For cell co-culture, 24-well plates were used with transparent polyester inserts with a 0.4-µm pore size (Greiner Bio-One GmbH, Frickenhausen, Germany). The seeding density was optimized for the proliferation rate of each cell line. For the final gene expression analysis described below, renal carcinoma ACHN (0.7×10⁵ cells/well) or Caki-2 (0.8×10⁵ cells/well) cells were plated in 24-well plates, while bronchial epithelial NL-20 cells (1.3×10⁵ cells/co-culture insert) were plated in inserts (in empty plates). The cells were cultured for 24 h to allow attachment. After 24 h, the inserts with NL-20 cells were placed in pre-seeded plates for ACHN or Caki-2 co-culture.
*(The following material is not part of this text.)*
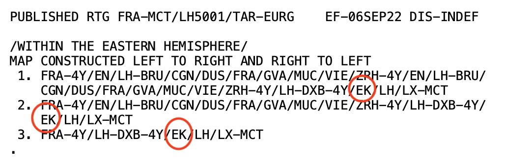 Man sollte sich bei dem hohen Preis nicht irritieren lassen, denn dieser liegt an dem Lufthansa Flug nach Dubai, der sehr gut gebucht ist, was die gesamte Reise recht teuer macht. Man kann tatsächlich bereits in jeder Klasse (mit Ausnahme der First Class), den Anschluss mit Emirates weiter nach Muscat bei Lufthansa buchen. Die Tarifregeln spiegeln dies auch klar wieder und nennen Emirates (EK) als mögliche Airline für einen Anschluss.

The CytoSelect™ 24-well wound healing assay (Cell Biolabs, Inc., San Diego, CA, USA) gap closure migration assays were used as per the manufacturer's instructions. Light microscopy with a Nikon TMS-F inverted microscope and a Delta Optical HDCE-30C 3MP camera (Delta Optical, Nowe Osiny, Poland) were used for imaging.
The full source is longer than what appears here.